ETHNOPHARMACOLOGICAL RELEVANCE: 22ß-hydroxytingenone (22-HTG) is a quinonemethide triterpene isolated from Salacia impressifolia (Miers) A. C. Smith (family Celastraceae), which has been used in traditional medicine to treat a variety of diseases, including dengue, renal infections, rheumatism and cancer. However, the anticancer effects of 22-HTG and the underlying molecular mechanisms in melanoma cells have not yet been elucidated. AIM OF THE STUDY: The present study investigated apoptosis induction and antimetastatic potencial of 22-HTG in SK-MEL-28 human melanoma cells. MATERIALS AND METHODS: First, the in vitro cytotoxic activity of 22-HTG in cultured cancer cells was evaluated. Then, cell viability was determined using the trypan blue assay in melanoma cells (SK-MEL-28), which was followed by cell cycle, annexin V-FITC/propidium iodide assays (Annexin/PI), as well as assays to evaluate mitochondrial membrane potential, production of reactive oxygen species (ROS) using flow cytometry. Fluorescence microscopy using acridine orange/ethidium bromide (AO/BE) staining was also performed. RT-qPCR was carried out to evaluate the expression of BRAF, NRAS, and KRAS genes. The anti-invasiveness potential of 22-HTG was evaluated in a three-dimensional (3D) model of reconstructed human skin. RESULTS: 22-HTG reduced viability of SK-MEL-28 cells and caused morphological changes, as cell shrinkage, chromatin condensation, and nuclear fragmentation. Furthermore, 22-HTG caused apoptosis, which was demonstrated by increased staining with AO/BE and Annexin/PI. The apoptosis may have been caused by mitochondrial instability without the involvement of ROS production. The expression of BRAF, NRAS, and KRAS, which are important biomarkers in melanoma development, was reduced by the 22-HTG treatment. In the reconstructed skin model, 22-HTG was able to decrease the invasion capacity of melanoma cells in the dermis. CONCLUSIONS: Our data indicate that 22-HTG has anti-tumorigenic properties against melanoma cells through the induction of cell cycle arrest, apoptosis and inhibition of invasiveness potential, as observed in the 3D model. As such, the results provide new insights for future work on the utilization of 22-HTG in malignant melanoma treatment.

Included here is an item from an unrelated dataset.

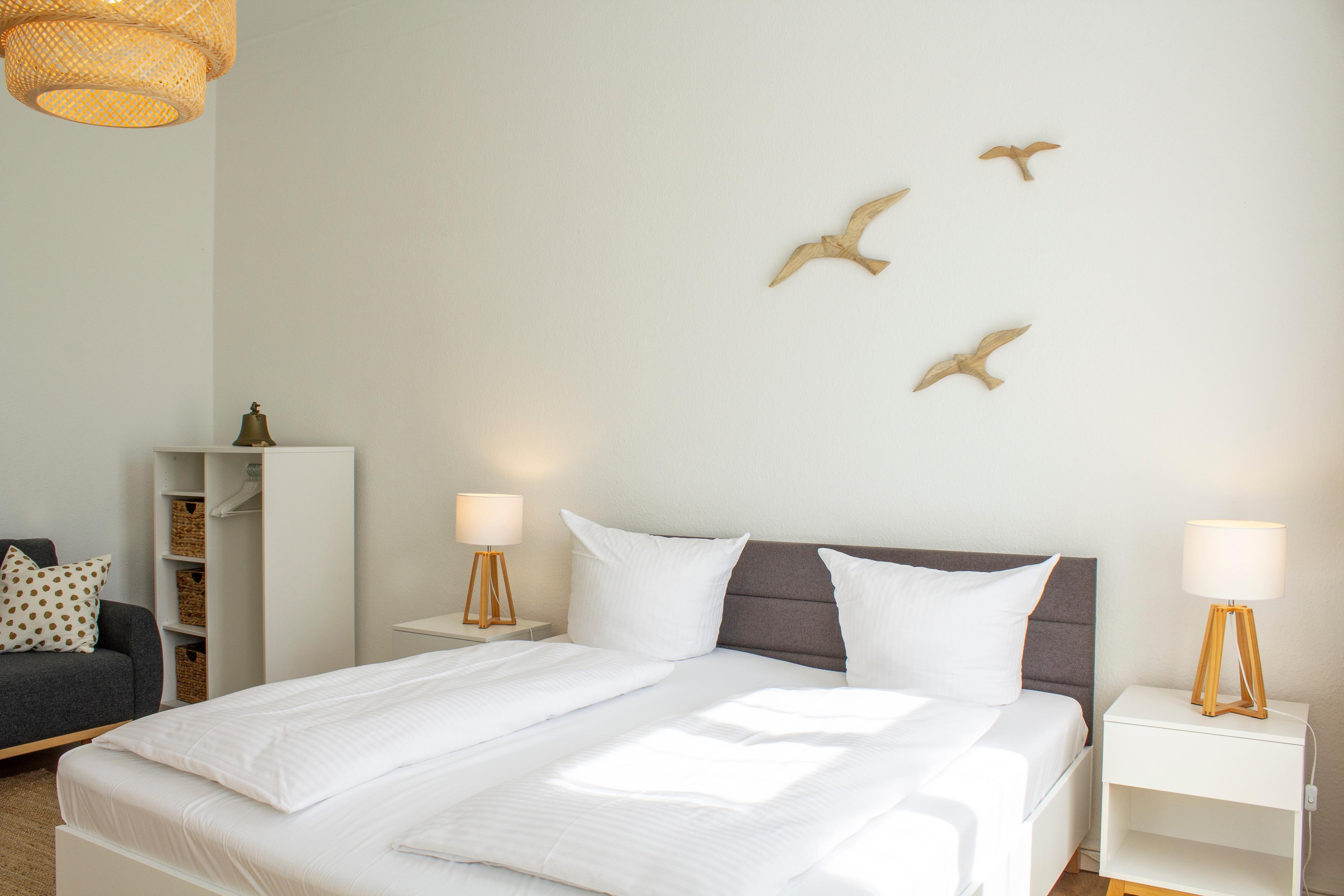 Diese modern und gemütlich eingerichtete 3-Zimmer Wohnung ist 94 qm groß und liegt im Erdgeschoss der im Jahr 1895 als Sommerresidenz erbauten Villa Kramme. Sie bietet 4 - 6 Personen viel Platz für einen erholsamen Ostseeaufenthalt. Der helle Wohnraum verfügt über eine Eckcouch und Hocker sowie einen großen Flat TV. Offen im Wohnraum integriert wurde die Vollküche incl. Geschirrspüler, Ceranfeld, Backofen, Mikrowelle, Kühlschrank etc. Der Essplatz in der lichtdurchfluteten Loggia mit Kronleuchter lädt zu gemeinsamen Mahlzeiten ein. Von hier können Sie das Treiben auf der Heringsdorfer Kulmstraße bestens beobachten. Ein großzügiges und modern eingerichtetes Schlafzimmer befindet sich auf der Rückseite des Hauses und ist mit einem komfortablen Doppelbett mit getrennten Matratzen (90 x 200), ausreichend Schrankraum und einer zusätzlichen Schlafcouch (1,40x2,00) ausgestattet. Das 2. Schlafzimmer bietet den Gästen ein Boxspringbett (getrennte Matratzen 0,90x2,00 durchgehender Topper), eine Sitzgelegenheit sowie genügend Platz für Ihre Kleidung. Das Tageslichtbad ist mit Dusche und Waschtisch/WC ausgestattet. Zusätzlich verfügt die Ferienwohnung über ein Gäste-WC.

22ß-hydroxytingenone reduces proliferation and invasion of human melanoma cells.

Melanoma is a skin cancer with high invasive potential and high lethality. Considering that quinonemethide triterpenes are described as promising anticancer agents, the aim of this study was to evaluate the effect of 22ß-hydroxytingenone (22-HTG) against human melanoma cells. Alamar blue assay was performed in order to evaluate its cytotoxic effect. Thus, subtoxic concentrations (1.0, 2.0, and 2.5 µM) were used to evaluate the effect of this compound on proliferation, migration, metabolism, and invasion. IC50 value against SK-MEL-28 cell line was 4.35, 3.72, and 3.29 µM after 24, 48, and 72 h of incubation, respectively. 22-HTG reduced proliferation, migration and invasion by melanoma cells, with decreased activity of metalloproteinases (MMP-2 and MMP-9). Futhermore, 22-HTG decreased expression of lactate dehydrogenase (LDHA), an enzyme associated with cell metabolism. Howerver, the small reduction in LDHA enzyme activity must have occurred by the cytotoxic effect of 22-HTG. According to the results, 22-HTG interferes with important characteristics of cancer, with anti-proliferative, and anti-invasive effect against melanoma cells. The data suggest that 22-HTG is an effective substance against melanoma cells and it should be considered as a potential anticancer agent.